If you suffer a chronic workplace injury, you may be able to receive benefits for up to 500 weeks, or sometimes even longer, depending on the situation and your condition. You may also qualify for disability benefits or Social Security Disability, though receiving these might lower or replace the workers' compensation you can receive.

Pre-existing conditions

Most people do not realize that workers' compensation applies to pre-existing conditions that get aggravated by a job, not just new injuries that occur at the workplace. Some employers may even give misleading information about this and, sadly, many claims are wrongly denied the first time because of this as well. However, by law, pre-existing conditions are covered.

Those with previous conditions who file for workers' compensation are entitled to the same benefits as anyone else who files. You should not receive less compensation just because your condition already existed. You also cannot be denied benefits just because someone else without your condition would not need those benefits in that situation. You have equal rights to file and equal rights to being considered for compensation.

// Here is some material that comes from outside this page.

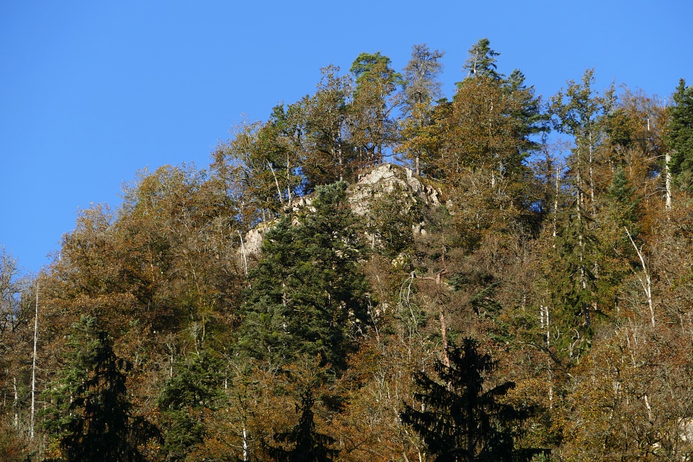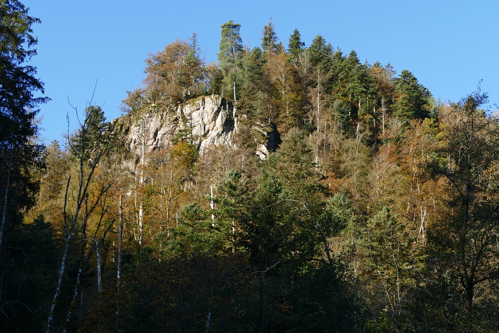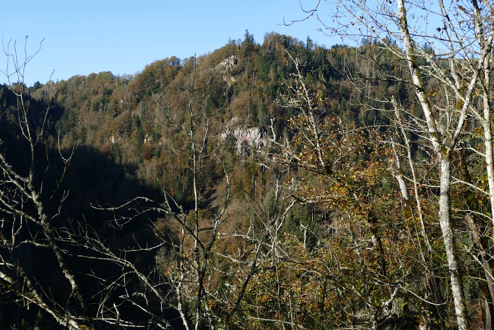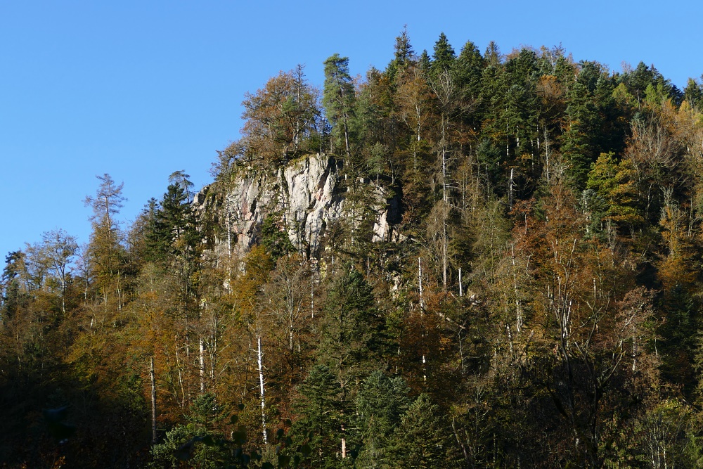 Nachdem ich auf der Schwarzatalstraße um die Ecke gebogen bin, habe ich freie Sicht zurück zum Hohfluhfelsen

Filing for chronic or pre-existing conditions

Workers' compensation can be a difficult process for anyone, but it is especially complex when chronic or pre-existing conditions are involved. Many claims are denied the first time, meaning people often have to refile, and a lot of information is needed to prove the injury and the treatment/benefits needed for it. Scheduling a free consultation with a workers' comp attorney can be extremely helpful. They can advise you on what steps to take based on your situation and help you gather all the information you will need to successfully file a claim.